Dataset entries:
-=-=-=-=-
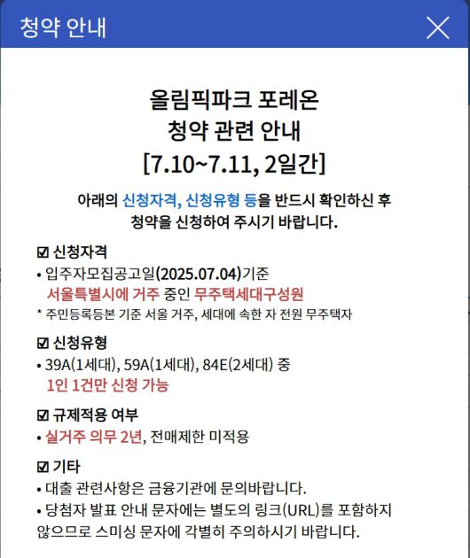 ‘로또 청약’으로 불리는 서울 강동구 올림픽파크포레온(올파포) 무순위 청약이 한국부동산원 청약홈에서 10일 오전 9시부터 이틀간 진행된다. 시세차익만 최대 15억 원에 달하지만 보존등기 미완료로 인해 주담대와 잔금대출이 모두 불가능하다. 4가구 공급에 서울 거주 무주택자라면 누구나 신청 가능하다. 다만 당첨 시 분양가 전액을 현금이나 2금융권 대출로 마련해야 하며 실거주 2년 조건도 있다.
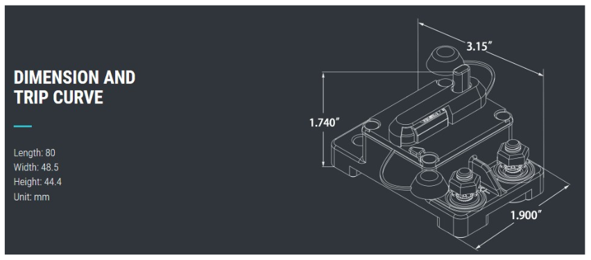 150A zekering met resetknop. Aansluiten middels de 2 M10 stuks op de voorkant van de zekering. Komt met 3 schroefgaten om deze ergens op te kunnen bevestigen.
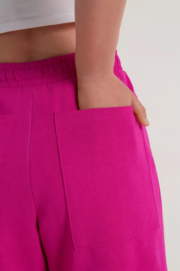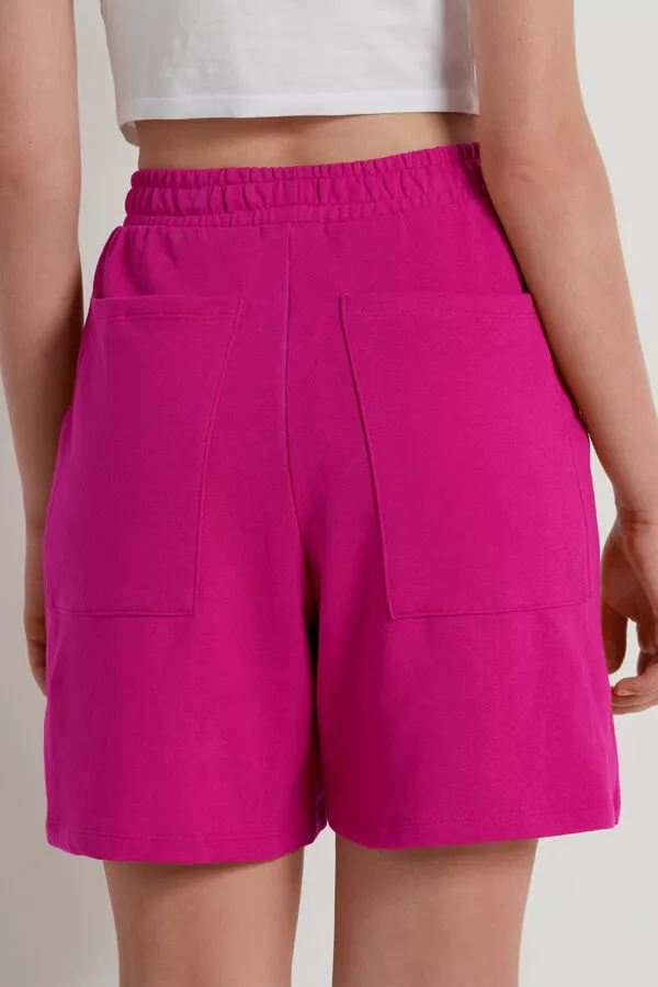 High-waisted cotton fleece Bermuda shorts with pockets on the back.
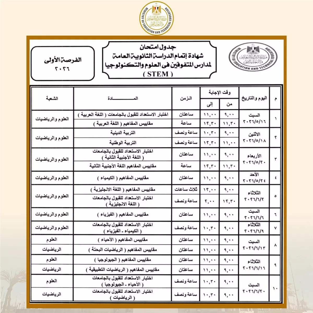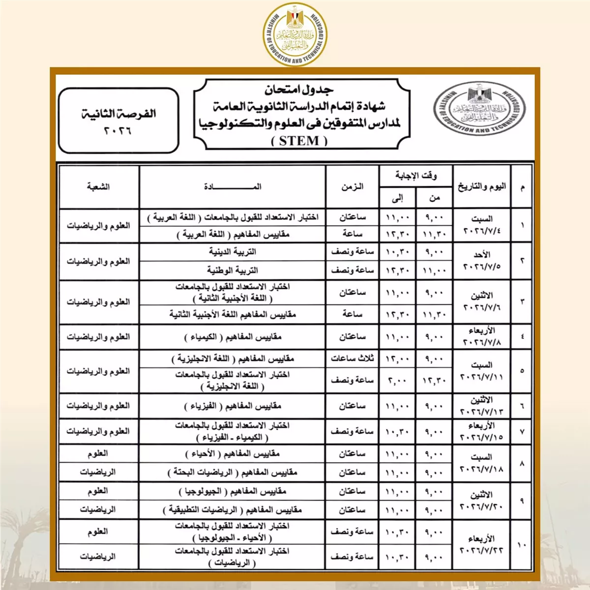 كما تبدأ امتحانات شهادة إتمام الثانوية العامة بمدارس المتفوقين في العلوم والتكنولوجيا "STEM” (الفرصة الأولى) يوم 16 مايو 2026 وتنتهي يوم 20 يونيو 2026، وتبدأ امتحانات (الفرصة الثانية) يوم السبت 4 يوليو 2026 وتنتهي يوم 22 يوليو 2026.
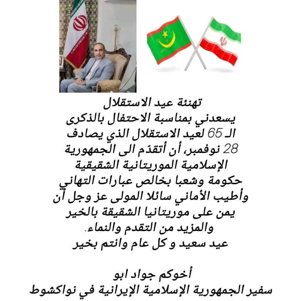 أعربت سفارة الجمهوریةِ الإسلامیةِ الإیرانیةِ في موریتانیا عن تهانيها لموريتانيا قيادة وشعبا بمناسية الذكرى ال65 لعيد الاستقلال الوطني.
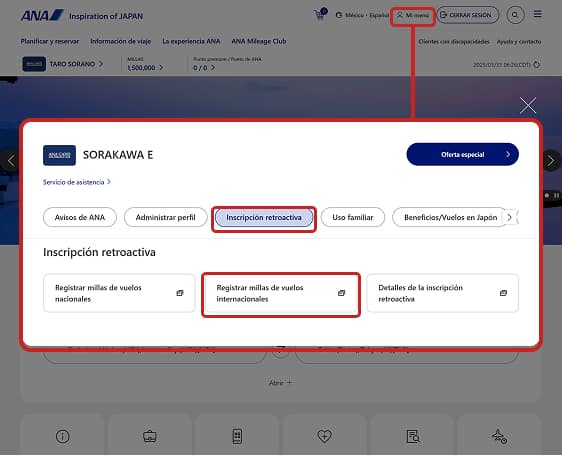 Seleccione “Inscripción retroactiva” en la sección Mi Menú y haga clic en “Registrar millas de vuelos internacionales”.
-=-=-=-=-
Once the pictures are set aside, what is needed is the lines from the line with "High-waisted cotton fleece" through the end of the data, written out exactly and alone.

 High-waisted cotton fleece Bermuda shorts with pockets on the back.
 كما تبدأ امتحانات شهادة إتمام الثانوية العامة بمدارس المتفوقين في العلوم والتكنولوجيا "STEM” (الفرصة الأولى) يوم 16 مايو 2026 وتنتهي يوم 20 يونيو 2026، وتبدأ امتحانات (الفرصة الثانية) يوم السبت 4 يوليو 2026 وتنتهي يوم 22 يوليو 2026.
 أعربت سفارة الجمهوریةِ الإسلامیةِ الإیرانیةِ في موریتانیا عن تهانيها لموريتانيا قيادة وشعبا بمناسية الذكرى ال65 لعيد الاستقلال الوطني.
 Seleccione “Inscripción retroactiva” en la sección Mi Menú y haga clic en “Registrar millas de vuelos internacionales”.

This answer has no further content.